Obholzer et al,98 seeking to define appropriate audiometric criteria for referral for MRI, reviewed 392 MRIs performed in one year; the 36 ANs found and 92 randomly selected “normals” were included for the analysis. Audiometric data and clinical histories were evaluated to look for findings that might be indicative of AN. The researchers used the published protocols of seven different studies to analyze audiometric data. Their study supports the use of interaural asymmetry at two neighboring frequencies of > 15 dB if the mean threshold in the better ear was ≤ 30 dB (unilateral hearing loss) and an interaural difference of 20 dB if the mean threshold is greater than 30 dB in the better ear (bilateral asymmetric hearing loss). These criteria had a 97% sensitivity and 49% specificity for AN. The most sensitive individual frequency asymmetry was for 15 dB at 2 KHz, with a sensitivity of 91% and a specificity of 60%. The most sensitive criterion was a difference of 15 dB at any frequency (sensitivity 100% and specificity 29%).

Several authors have examined hearing levels as a predictor of hearing preservation in AN surgery. In a multivariate logistic analysis of preoperative hearing variables predictive of hearing preservation, Robinette et al99 examined the audiometric tests results of 104 AN patients. Only word recognition score (WR40) was found to be a significant determinant after accounting for small tumor size (≤ 2.0 cm). Additionally, they found that patients who had hearing preserved had a higher rate of normal acoustic reflexes than those patients who did not have hearing preserved.99

Other Tumors

In 1997, Baguley et al100 published a series of cerebellopontine angle (CPA) meningiomas and performed a review of the literature. In their series, 80% (20 of 25 patients) had abnormal pure tone testing, and 50% (10 of 20) had abnormal SDS (i.e. < 90%). Interestingly, the five patients who had normal audiometry had large tumors (two in the 2.5–3.4 cm range and three > 4.5 cm); similarly, 9 of 10 patients who had normal SDS were found to have large tumors (2.5 cm or larger). In combined with the other series reviewed, 37 of 61 (61%) patients had abnormal PTA and 22 of 42 (52%) had abnormal SDS.100

Doyle and De La Cruz101 reported audiometric results in 13 patients who had CPA epidermoid tumors. Four patients had PTA greater than 30 dB; SDS was reduced out of proportion to pure tone hearing.
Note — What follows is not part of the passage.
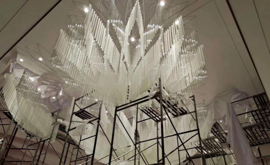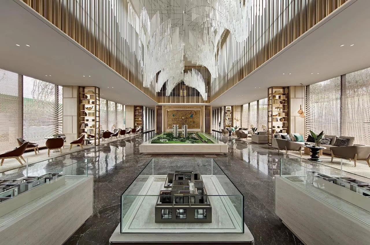 White chandelier in sales center lobby

Quaranta et al102 described the audiometric features in a report of 11 CPA epidermoid tumors. Their series consisted of tumors that measured 3.5 to 7 cm in maximum diameter. They found symmetric hearing in six patients; another four had asymmetric hearing loss that was worse on the tumor side.

In a report on 10 epidermoid tumors, Kaylie et al103 found normal hearing in three, but the remainder had varying levels of hearing loss, from mild to anacusis.